Pairwise correlation was performed between metrics values, with all correlations exhibiting an r2 value of <0.5 indicating that the landscape metrics variables were not highly correlated.

Random forest (RF) analysis was performed to identify potential causal linkages between Ochotona spp. presence and the environmental variables of nested land cover class areas, the landscape metrics, and topographical variables of elevation, slope and aspect (total number of environmental variables = 65, number of trees = 10000, number of variables tried at each split = 8). The OOB data samples generated importance measures for each variable, and tested the prediction error of the generated RF. Random Forest analysis was performed in the R statistical environment using the randomForest package (Liaw & Wiener, 2002). The RF was then used to produce a predicted Ochotona spp. distribution map. A point grid was generated for a 45km x 45km area surrounding the survey transect locations with 30m point spacing. Data values for each explanatory variable included in the RF were calculated for each vector grid point. The RF was applied in a predictive classifier capacity with the vector grid datasets as input variables and predicted Ochotona spp. presence or absence as the output. Predicted values were converted from vector to raster format using ArcMap 10.1.

3 Results

The overall classification accuracy of the land cover map (Figure 2) using 365 reference locations was 83.84% (Table 2). Of the 3481 sample points sampled along 15 transects, Ochotona spp. were present at 1246 points (35.8%). For individual transects the rate of Ochotona spp. presence ranged from 0% (transects 1, 11 and 15) to 88% (transect 2) indicating a patchy distribution across the study area (Table 3).

Figure 2.

Figure 2

Land cover classification of the study area with original survey transects overlaid and UTM WGS84 zone 47N grid displayed for context.

Table 2.

Supervised classification confusion matrix and accuracy assessment. Overall Kappa statistic = 0.816

Classified Reference
Village Road Long
grass
Water Short
grass
Upper
potentilla
shrubland
Bare
ground
Degraded
grassland
Wet
grassland
Sum of
row
User's accuracy
(%)
Village 22 0 0 0 0 0 0 0 0 22 100.00
Road 0 41 0 0 3 0 0 0 0 44 93.18
Long grass 0 0 18 0 0 0 1 0 0 19 94.74
Water 0 1 2 44 1 0 0 1 4 53 83.02
Short grass 0 0 0 0 31 2 0 0 0 33 93.94
Upper potentilla shrubland 0 1 2 0 5 20 0 2 0 30 66.67
Bare ground 0 1 0 0 0 0 44 2 0 47 93.62
Degraded grassland 1 2 2 3 7 1 4 45 0 65 69.23
Wet grassland 0 4 4 3 0 0 0 0 41 52 78.85
Sum of column 23 50 28 50 47 23 49 50 45 365
Producers accuracy (%) 95.65 82.00 64.29 88.00 65.96 86.96 89.80 90.00 91.11 Overall accuracy = 83.84

Table 3.

Survey transect Ochotona spp. presence and elevation ranges.
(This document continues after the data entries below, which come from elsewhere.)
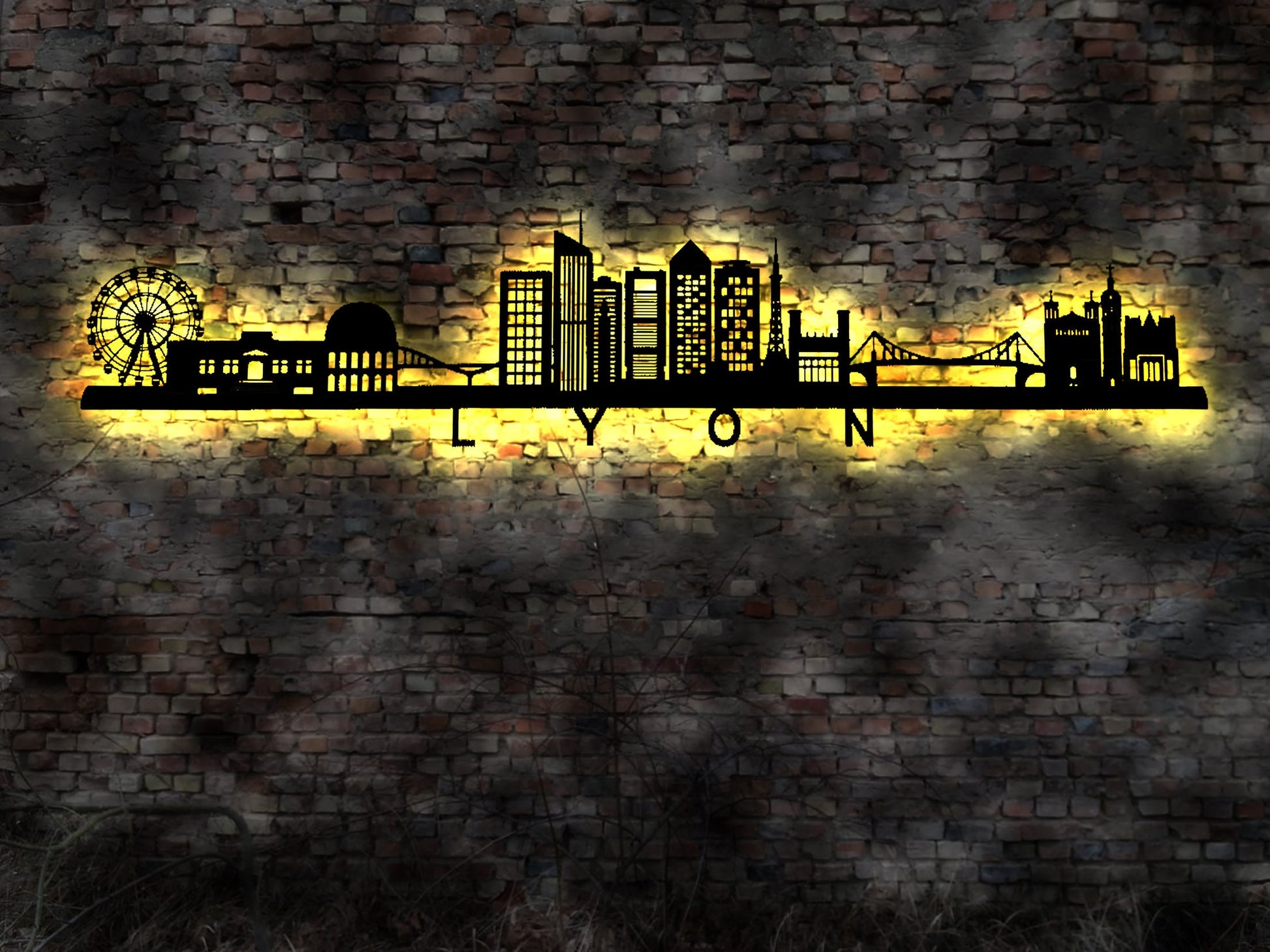 Skyline Lyon France Frankreich LED Wandbild Holz Stadt AK Karte Map Stadtplan Wandsticker Leuchtbild Neonreklame Wandtattoo Silhouette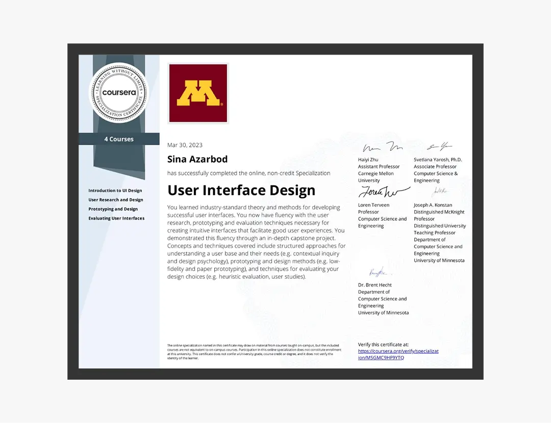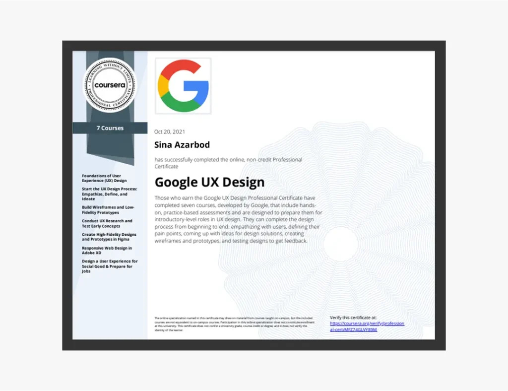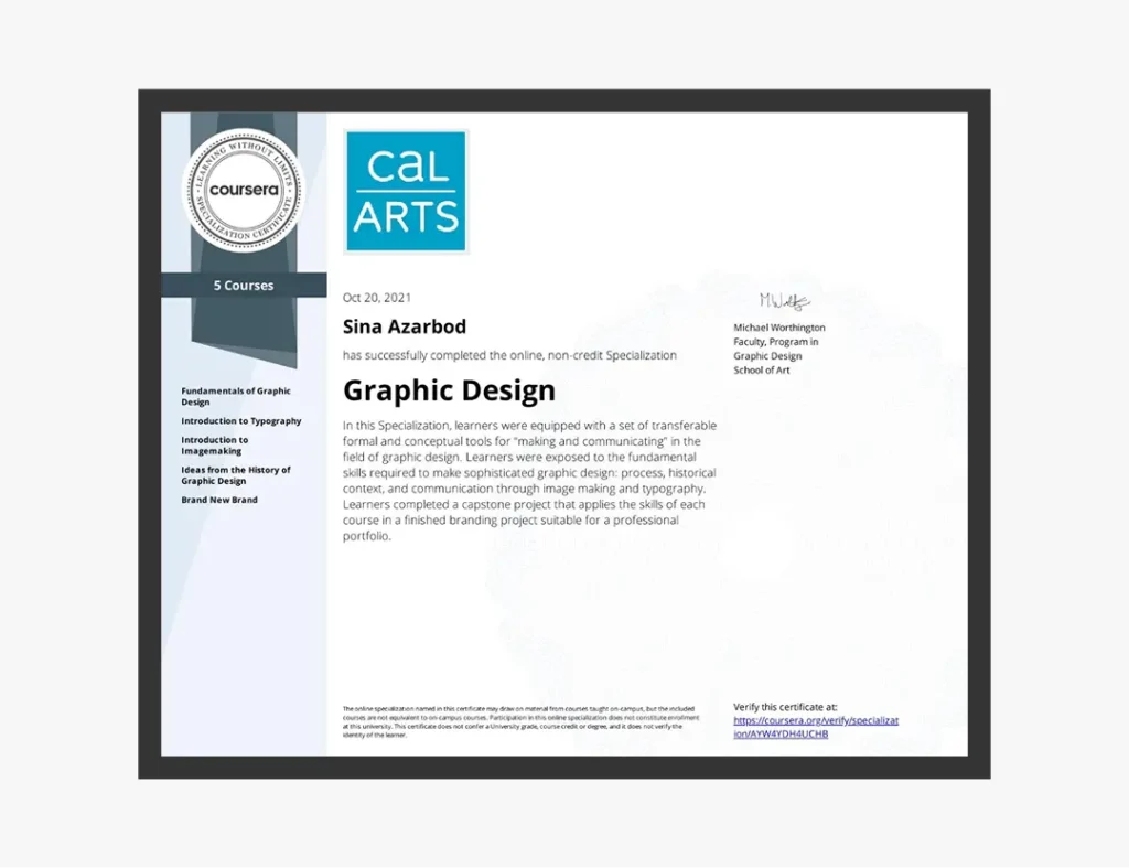 گواهی دورههایی که در زمینه دیزاین در آن شرکت کردم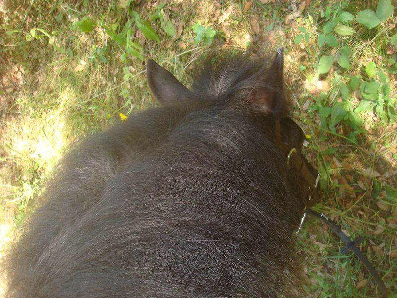 DéconnectéDire merci | L'autre jour j'ai câliné Isis la SBS... Et là qu'est-ce que je vois Ou plutôt qu'est-ce que je ne vois plus... elle n'avait plus aucun POIL ! Sa patronne est venue et l'a toilettée type "cheval de sport" et a tout coupé, aux oreilles, aux fanons, sous la barbe, partout on aurait dit un arabe de show (à part qu'elle fait 1m 75 tout en muscles grassouillets) Bah pas étonnant qu'elle fasse de la gale de boue,... Elle vit au pré maintenant ! Alors dès qu'il pleut elle n'a plus aucune gouttière d'évacuation d'eau la pauvre ![]() |
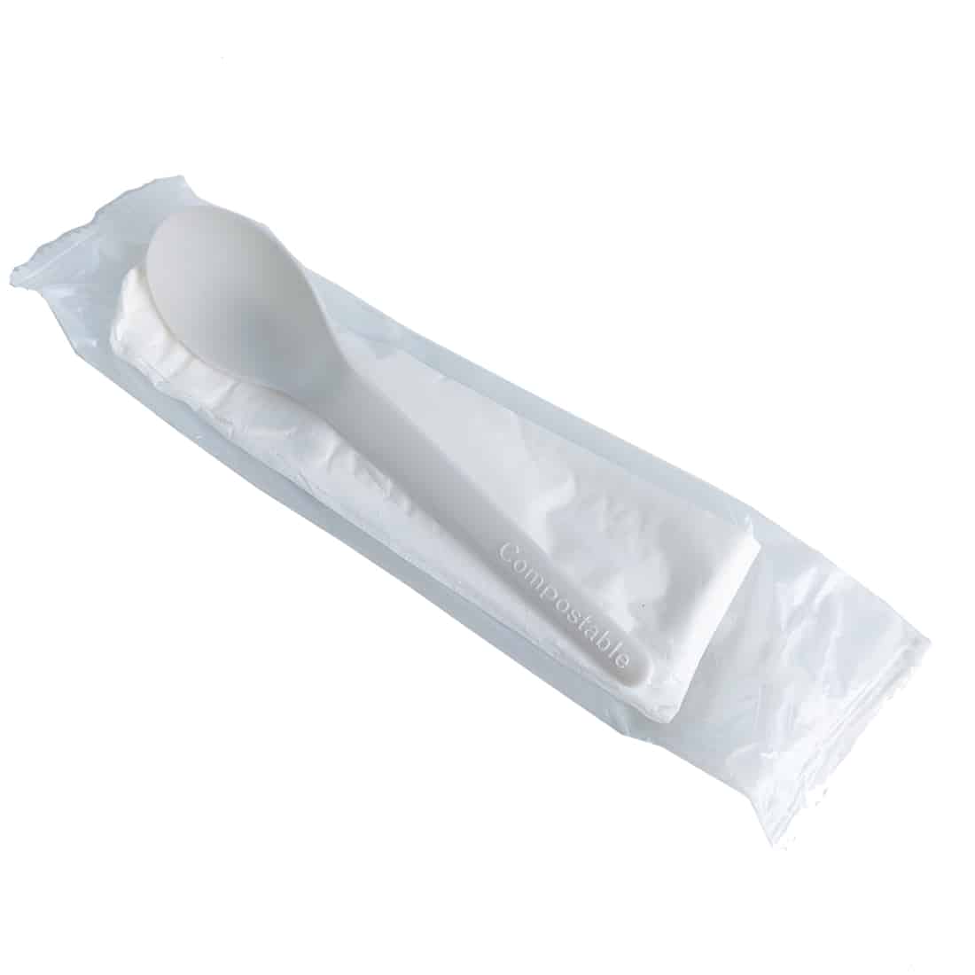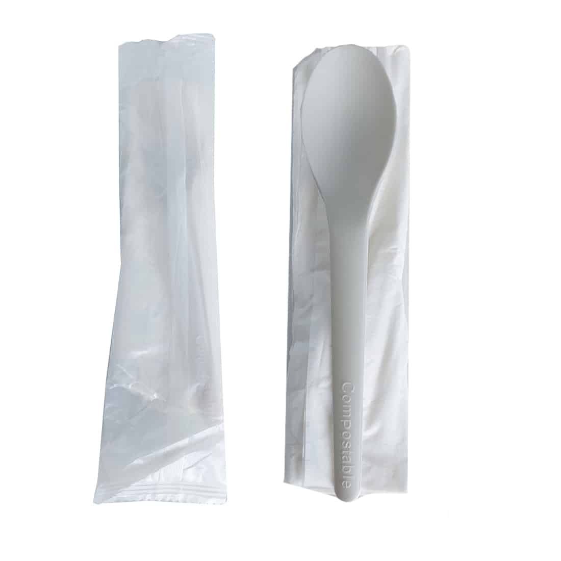 DIMENSIONI: Il cucchiaio hanno una lunghezza di 15.5 cm e peso di 5 gr, un tovagliolo con misura 33×33 cm a 2 veli. Il tutto 100 % biodegradabili e compostabili. Il prodotto, dal design semplice ed elegante, è ideale per il cibo sia freddo che caldo. Ciascun kit singolarmente confezionato contiene un cucchiaio monouso e un tovagliolo piegato.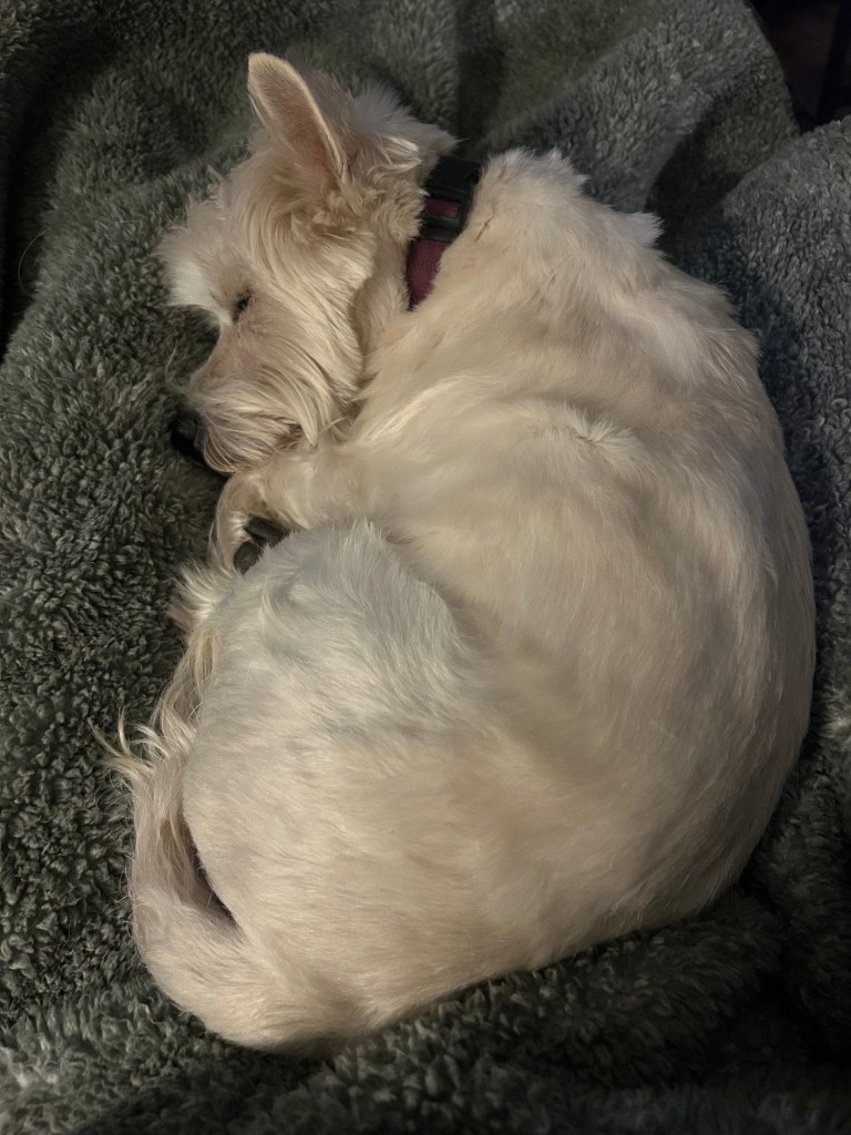 My Margret says when I curl up with her like this she doesn’t want to get up and start her day. I say mission accomplished! ~ Scruffy Pup

Transect Number of survey points along transect Number of points with Ochotona spp. present Number of points with Ochotona spp. absent Ochotona spp. presence (%) Elevation range of transect (m)
1 276 0 276 0.0 4280-4480
2 133 117 16 88.0 4290-4334
3 320 89 231 27.8 4294-4350
4 94 1 93 1.1 4299-4360
5 346 28 318 8.1 4287-4350
6 475 363 112 76.4 4285-4501
7 274 129 145 47.1 4387-4532
8 137 61 76 44.5 4309-4484
9 182 10 172 5.5 4299-4366
10 424 242 182 57.1 4160-4348
11 22 0 22 0.0 4160-4160
12 172 1 171 0.6 4160-4259
13 339 204 135 60.2 4177-4262
14 109 1 108 0.9 4182-4300
15 178 0 178 0.0 4190-4492
Total 3481 1246 2235 35.8 4160-4532

RF analysis explained 70.78% of the variance in Ochotona spp. presence or absence. Figure 3 shows the ten environmental variables determined as most important by the RF in relation to Ochotona spp. presence. Aggregation Index (AI) was identified as the single most important variable, however it was the only landscape metric in the top ten ranked variables. Three of the top five variables were degraded grassland (DG), with DG at the 100m buffer size second, at the 300m buffer size fourth, and at the 200m buffer size fifth. Upper Potentilla shrubland (UPS) was also important but at the larger buffer sizes of 400m (third ranked importance), 500m (seventh) and 300m (ninth). Water at 500m was sixth highest ranked, with altitude eighth, and short grass (SG) at the 500m buffer tenth.

Figure 3.

Figure 3

Variable importance scores for the top ten variables as identified by the RF, with corresponding % increase in mean square error when that variable is randomly permuted. Percent variance explained = 70.78%, number of trees = 10000, mean square of residuals = 0.07, number of variables tried at each split = 21. AI = Aggregation Index; DG = degraded grassland; UPS = upper Potentilla shrubland; SG = short grass.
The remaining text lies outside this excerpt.